PeggerUser Guide

Overview

Parsing Expression Grammar (PEG) for when Regular Expressions just aren't enough!

Pegger is a Parsing Expression Grammar (PEG) implementation. It lets you create text parsers by building up a tree of simple matching rules.

Advanced parsing options let you look ahead with predicates, and throw errors to fail fast.
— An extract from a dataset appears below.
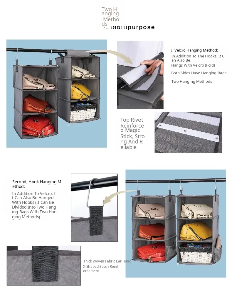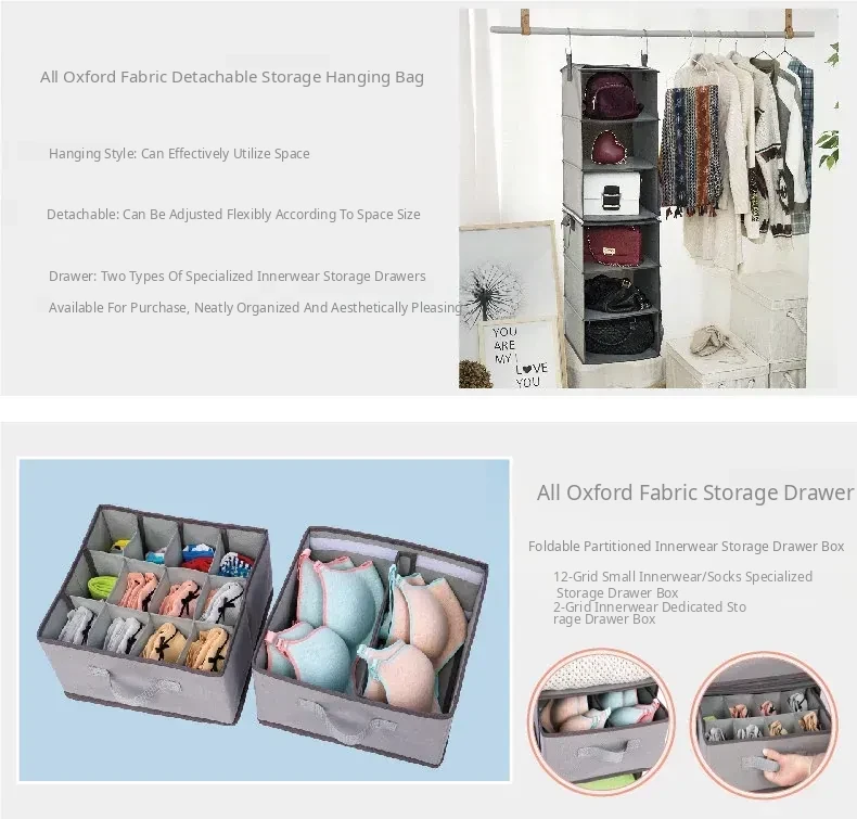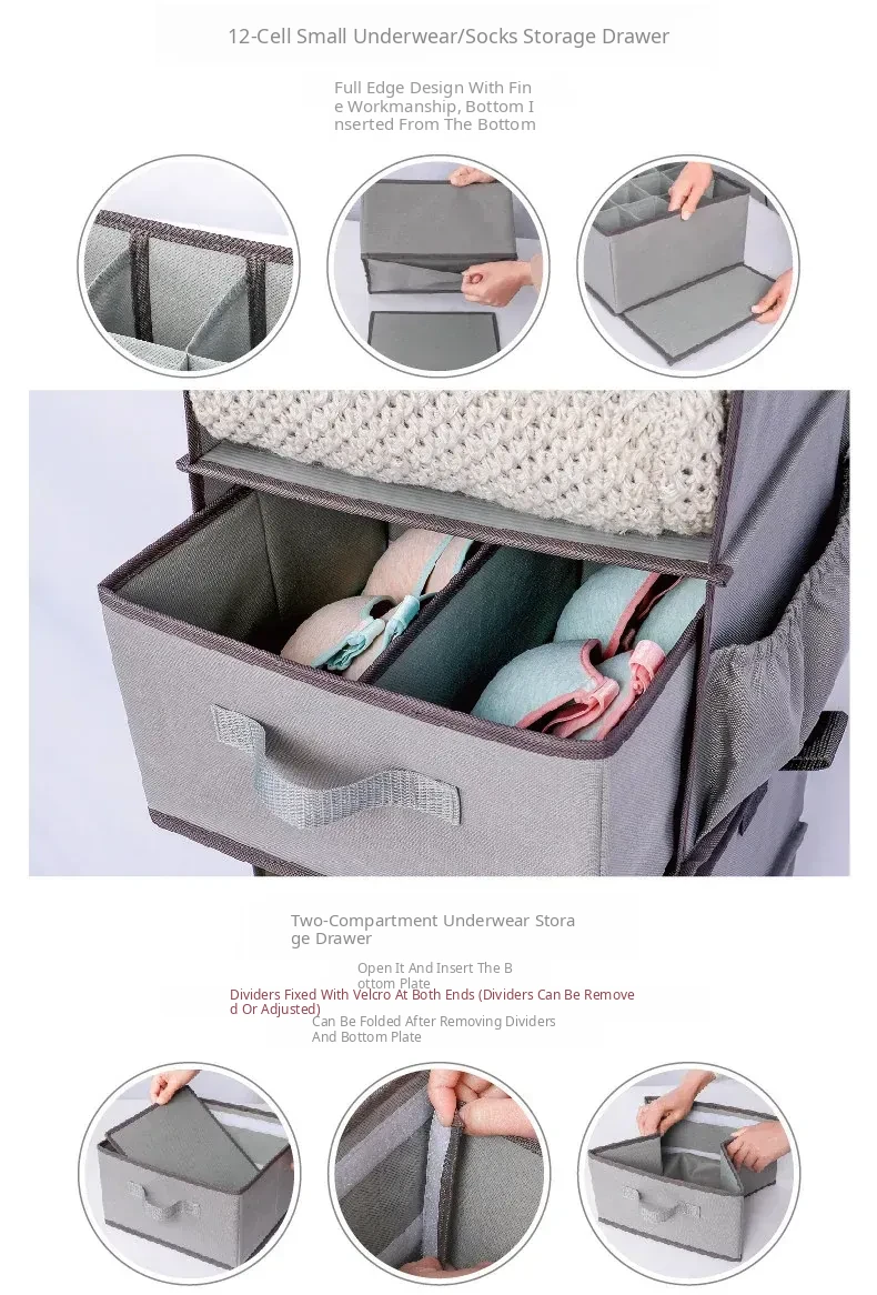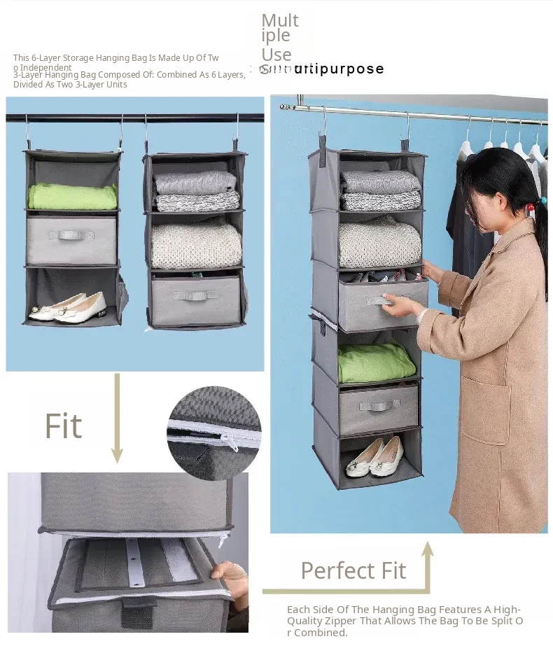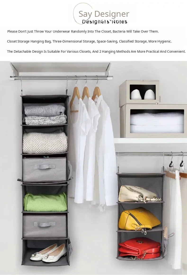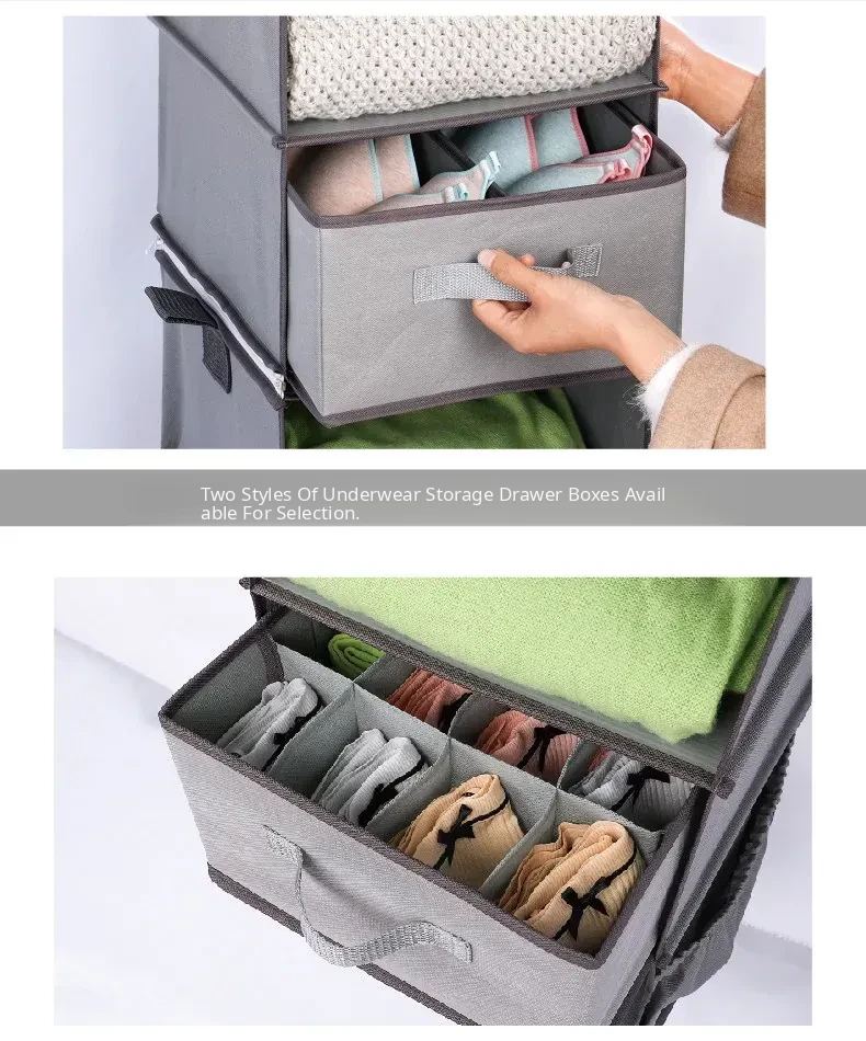 Multi-Layer Hanging Storage Bag for Closet - Drawer-Style Organizers for Home - Space-Saving Hanging Clothes Storage Solution

Pegger has been used (by Fantom Factory) to parse HTML, CSS, Markdown, and ANBF - to name but a few. The general strategy is usually:

  1. Create a structure of Fantom data classes
  2. Create a grammar to parse text documents into a node tree
  3. Trim the tree by removing labels and branches, so the tree resembles the structure of the Fantom classes
  4. Walk the tree, recursively creating corresponding data classes

Pegger was inspired by Mouse, Parboiled for Java, and pegs for NIM.

Quick Start

using afPegger::Peg

class Example {
    Void main() {
        input := "<<<Hello Mum>>>"
        rule  := "'<'+ name:[a-zA-Z ]+ '>'+"
        match := Peg(input, rule).match

        name  := match["name"]    // --> "Hello Mum"
    }
}

Usage

The quick start example saw a lot of crazy symbols... so woah, what just happened?

Rules

Pegger attempts to match a rule against a given string. In the example the string was <<<Hello Mum>>> and the rule was that mixed bag of crazy characters. Rules can be written in PEG notation (see mixed bag of crazy characters) or they can be created programmatically via Fantom code using the Rules mixin:

// PEG Notation:
// '<'+ ([a-zA-Z] / " ")+ '>'+

// Fantom code:
rule := sequence {
    oneOrMore(char('<')),
    oneOrMore(firstOf { alphaChar, spaceChar }),
    oneOrMore(char('>')),
}

The Fantom code can be a lot simpler to read and understand, but is also a lot more verbose.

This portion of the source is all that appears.